[[ Dataset extract open ]]
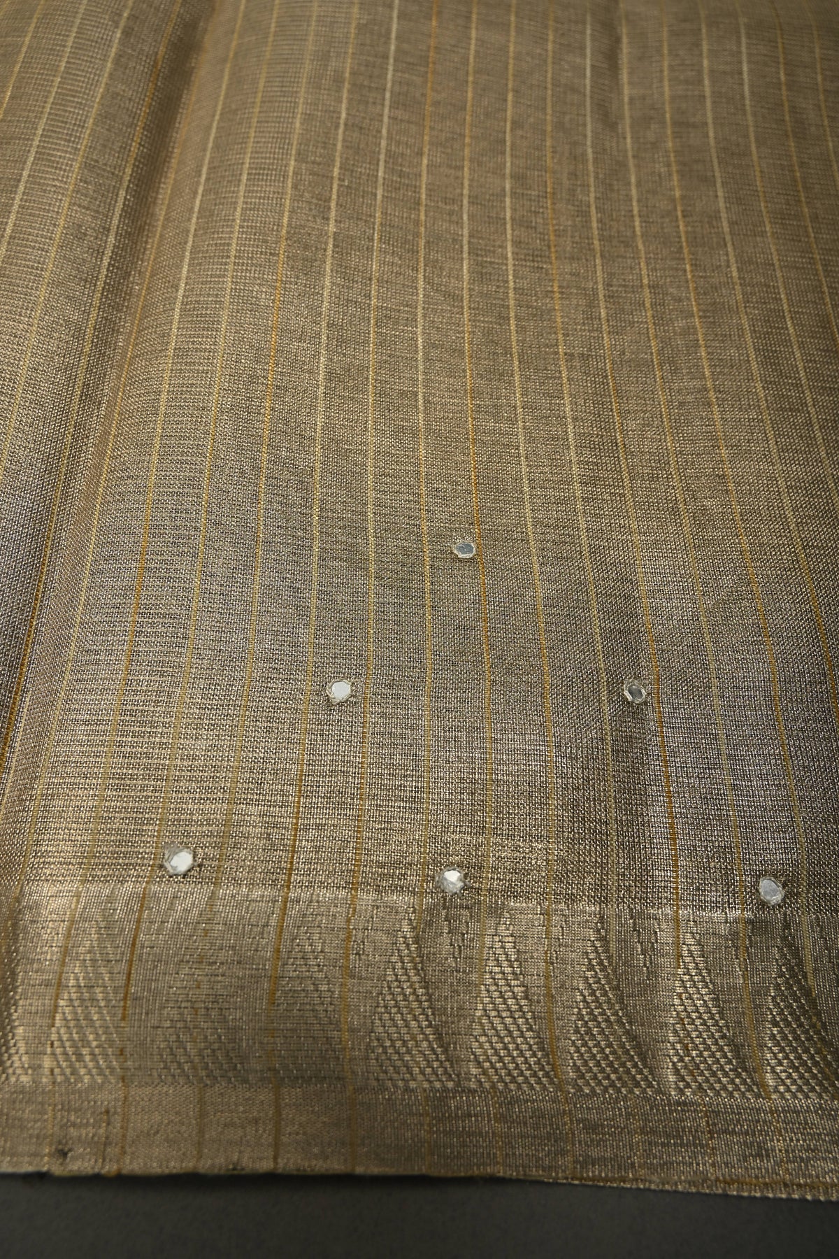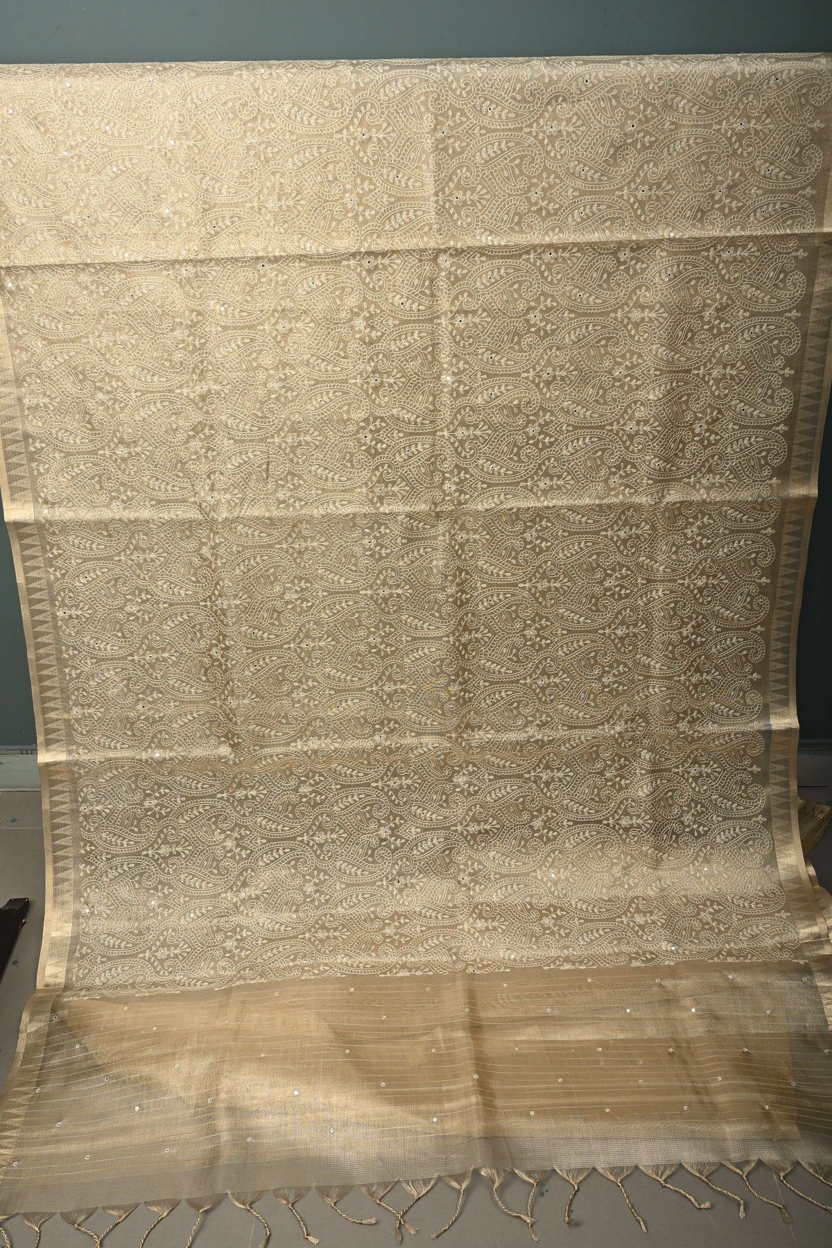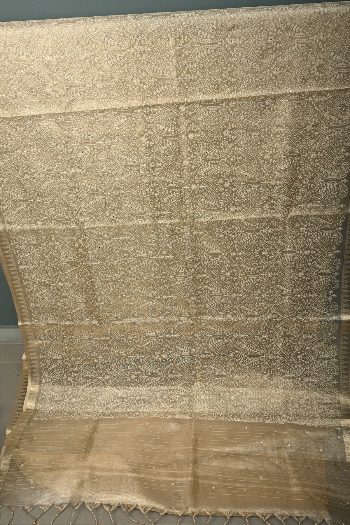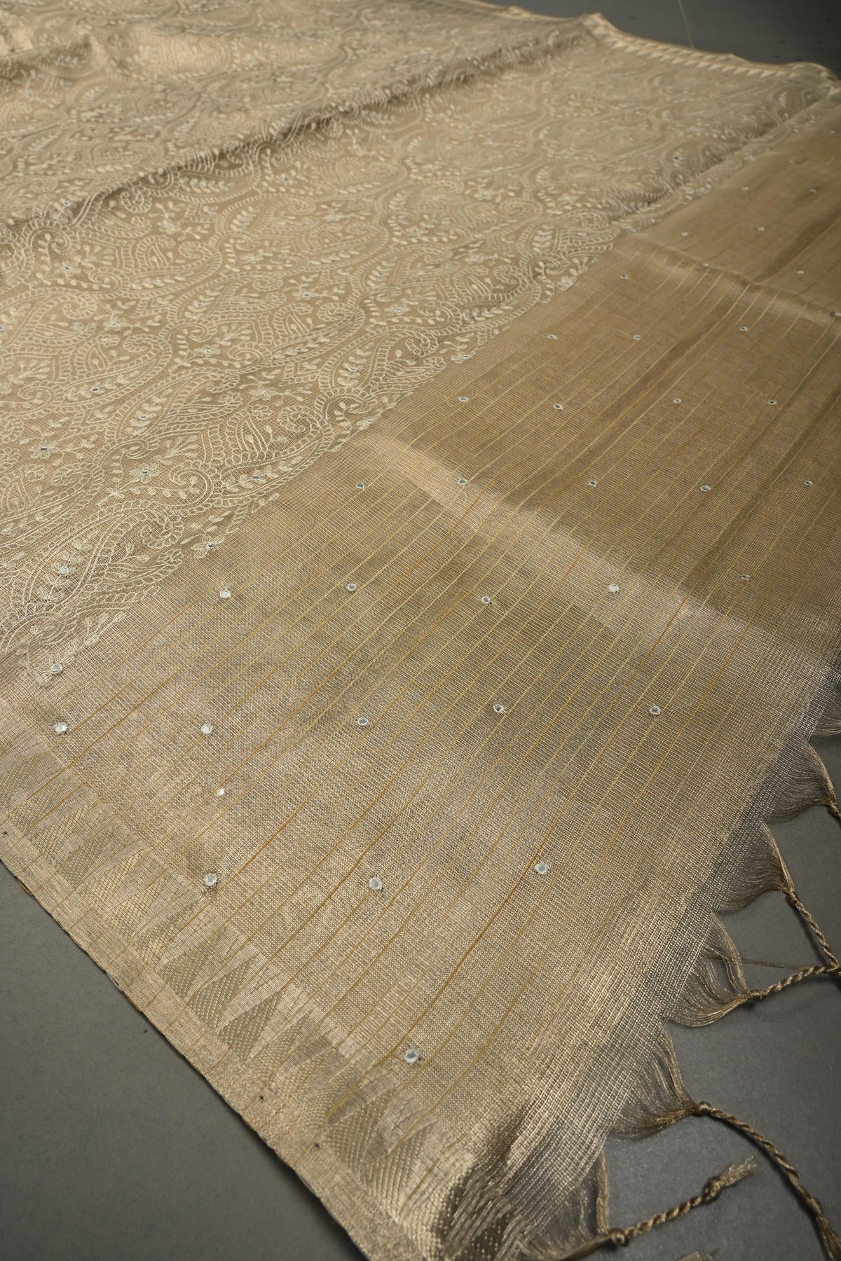 Elevate your ethnic wardrobe with this Muted Gold Kota Doria Tissue Saree, featuring subtle muted jaal machine embroidery and a refined zari border. Crafted from lightweight Kota Doria tissue fabric, the saree drapes gracefully, offering a soft and airy feel perfect for all-day wear. The delicate machine-embroidered jaal adds understated elegance, while the zari border lends a touch of shimmer, making it ideal for festive gatherings, daytime celebrations, or casual formal events. A timeless piece that blends traditional craftsmanship with contemporary sophistication.
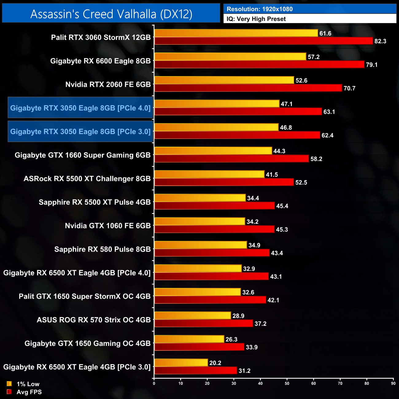 Starting the game benchmarks with Assassin’s Creed Valhalla, at 1080p we can see the RTX 3050 delivers 63 FPS on average. That puts its pretty neatly between the GTX 1660 Super and the RTX 2060, as it’s 8% faster than the former but 11% slower than the latter. We can also see no practical difference when testing with PCIe 3.0 either.
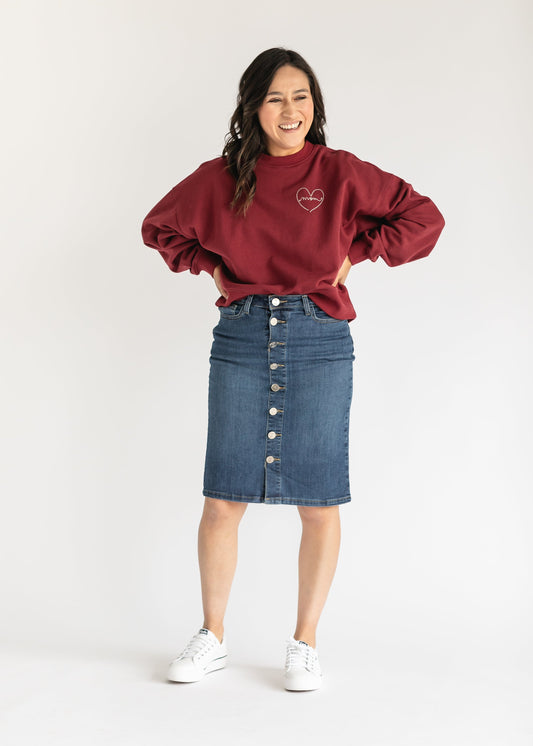 Embroidered Love Mom Crewneck Sweatshirt - FINAL SALE
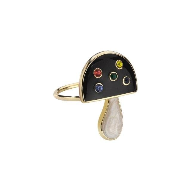 Charm Colorful Crystal Mushroom Rings for Women Aesthetic Enamel Ring Female Tiny Circle Finger Rings Lucky Jewelry Gifts
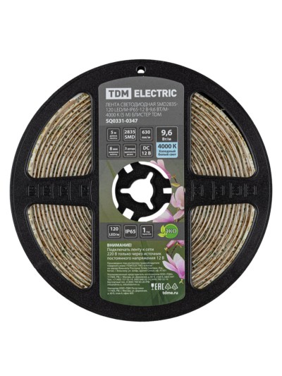 Назначение: Применение: Для декоративной и функциональной подсветки. Подсветка витрин с ювелирными изделиями и торговых экспозиций. Контурная подсветка лестниц. Освещение потолочных конструкций, ниш, интерьерных сооружений. Декоративная подсветка мебели, торцевая подсветка стеклянных полок, баров, витражей и витрин. Освещение холодильных и морозильных установок. Контурная подсветка рекламных букв и коробов. Тюнинг автомобилей. Преимущества: Безопасность эксплуатации. Светодиодная лента работает от низкого напряжения 12 В, что абсолютно безопасно для человека. Безопасно для зрения – отсутствие пульсаций светового потока. Экологически безопасно – не содержит ртути, не требует специальной утилизации. Удобство хранения. Светодиодная лента поставляется в фольгированных ZIP-пакетах, что предоставляет возможность длительного хранения отрезков ленты, защищая их от высыхания клеевого слоя, статического электричества, влажности и пыли. Возможность использования при низких температурах. Для обеспечения степени защиты IP54 в герметичной ленте используется полиуретан – материал, который не теряет эластичности при низких температурах (до -40 ˚С). Простота монтажа. Ленту можно резать кратно 3 светодиодам – для удобства на лицевой стороне ленты места отреза обозначены символом «Ножницы». На оборотной стороне ленты нанесен клеевой слой производства «3М» – мирового лидера в производстве клеевых материалов. Долгий срок службы. Применение качественных светодиодов, а также грамотный подбор резисторов гарантируют долгий срок службы (50 000 часов) и снижение светового потока не более чем 2% на каждые 1000 часов работы. Гарантия качества. Каждый отрезок светодиодной ленты промаркирован знаком “TDM”, что гарантирует защиту от подделок. На светодиодную ленту предоставляется гарантия 2 года. Конструкция: Материалы: Каждый отрезок 0,5 м промаркирован логотипом TDM ELECTRIC. Клейкая лента 3М с высокими адгезивными свойствами. Гибкая медная плата. Материал заливки (IP65) – полиуретан. Световой поток светодиодного чипа SMD2835 5–6 лм, SMD5050 11–13 лм. Комплектация: Упаковка:
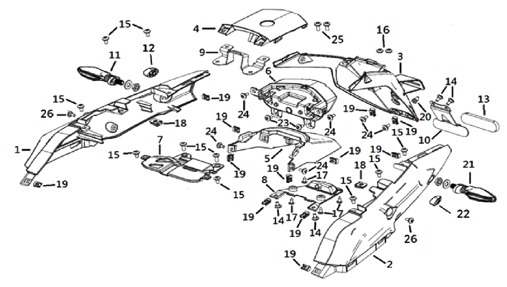 Главная Схемы запчастей Мотоцикл CYCLONE RX401 (SR400GY-2E) Задний фонарь, пластик задний
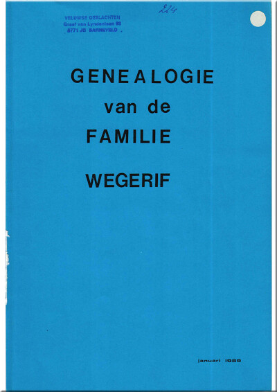 De oudste generaties vinden we in Twente, in het belastingcohier van 1602 is er sprake van Winolt Wegereef, nakomelingen in de volgende generaties komen voor in de buurt van Goor en Delden. Nakomelingen worden ook Stoevelaar en ten Duis genoemd door verhuizing naar genoemde boerderijen. Drie broers, Hendrik van 1757, Jan van 1771 en Derk van 1776 komen naar Apeldoorn, in Apeldoorn verandert de naam Wegereef in Wegerif, waarbij Hendrik alleen mannelijke nakomelingen heeft. Vanaf dit punt wordt de genealogie gesplitst in diverse takken, te weten Hermannus wordt tak A VII, Willem Jan wordt tak B+C VII en Gerrit wordt tak D VII. Dit is gedaan vanwege de omvang van de genealogie. Later is de familie verspreid over geheel Nederland, maar ook het buitenland, echter het grootste gedeelte woont nog steeds in Apeldoorn. Het geheel is zeer toegankelijk door een goede index van 13 blz., het werk zelf telt 56 blz., gefotokopieerde uitgave, formaat A4. Onze dank aan de inzender.
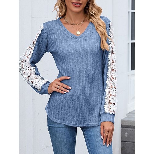 Per donna Blusa Tinta unica Elegante Essenziale Casual Manica Lunga Scollo a V Top Regolari Quotidiano Pizzo Patchwork Blu Nero Rosa Verde militare Fucsia Primavera Autunno Inverno
[[ Dataset extract closed ]]
Assignment:
The reply needs to repeat exactly the line containing "De oudste generaties" and each line after it, through the final line of the entries above, and to skip the pictures.

The completed task:
 De oudste generaties vinden we in Twente, in het belastingcohier van 1602 is er sprake van Winolt Wegereef, nakomelingen in de volgende generaties komen voor in de buurt van Goor en Delden. Nakomelingen worden ook Stoevelaar en ten Duis genoemd door verhuizing naar genoemde boerderijen. Drie broers, Hendrik van 1757, Jan van 1771 en Derk van 1776 komen naar Apeldoorn, in Apeldoorn verandert de naam Wegereef in Wegerif, waarbij Hendrik alleen mannelijke nakomelingen heeft. Vanaf dit punt wordt de genealogie gesplitst in diverse takken, te weten Hermannus wordt tak A VII, Willem Jan wordt tak B+C VII en Gerrit wordt tak D VII. Dit is gedaan vanwege de omvang van de genealogie. Later is de familie verspreid over geheel Nederland, maar ook het buitenland, echter het grootste gedeelte woont nog steeds in Apeldoorn. Het geheel is zeer toegankelijk door een goede index van 13 blz., het werk zelf telt 56 blz., gefotokopieerde uitgave, formaat A4. Onze dank aan de inzender.
 Per donna Blusa Tinta unica Elegante Essenziale Casual Manica Lunga Scollo a V Top Regolari Quotidiano Pizzo Patchwork Blu Nero Rosa Verde militare Fucsia Primavera Autunno Inverno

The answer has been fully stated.